───── Given records

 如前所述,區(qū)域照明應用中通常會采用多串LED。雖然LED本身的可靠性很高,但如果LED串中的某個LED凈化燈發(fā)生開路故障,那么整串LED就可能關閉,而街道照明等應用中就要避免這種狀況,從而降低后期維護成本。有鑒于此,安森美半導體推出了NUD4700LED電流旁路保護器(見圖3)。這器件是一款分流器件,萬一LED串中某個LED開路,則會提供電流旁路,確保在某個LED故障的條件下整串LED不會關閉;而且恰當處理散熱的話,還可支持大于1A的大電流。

──────────
───── Given records

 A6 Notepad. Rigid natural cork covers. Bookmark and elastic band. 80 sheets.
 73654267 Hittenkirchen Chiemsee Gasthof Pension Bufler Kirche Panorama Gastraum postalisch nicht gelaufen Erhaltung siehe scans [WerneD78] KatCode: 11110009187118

──────────

Exercise details — Transcribe the lines above between the line holding "A6 Notepad. Rigid" and the line holding "73654267 Hittenkirchen Chiemsee", inclusive, exactly as they stand and with nothing added.

Output of the exercise —
 A6 Notepad. Rigid natural cork covers. Bookmark and elastic band. 80 sheets.
 73654267 Hittenkirchen Chiemsee Gasthof Pension Bufler Kirche Panorama Gastraum postalisch nicht gelaufen Erhaltung siehe scans [WerneD78] KatCode: 11110009187118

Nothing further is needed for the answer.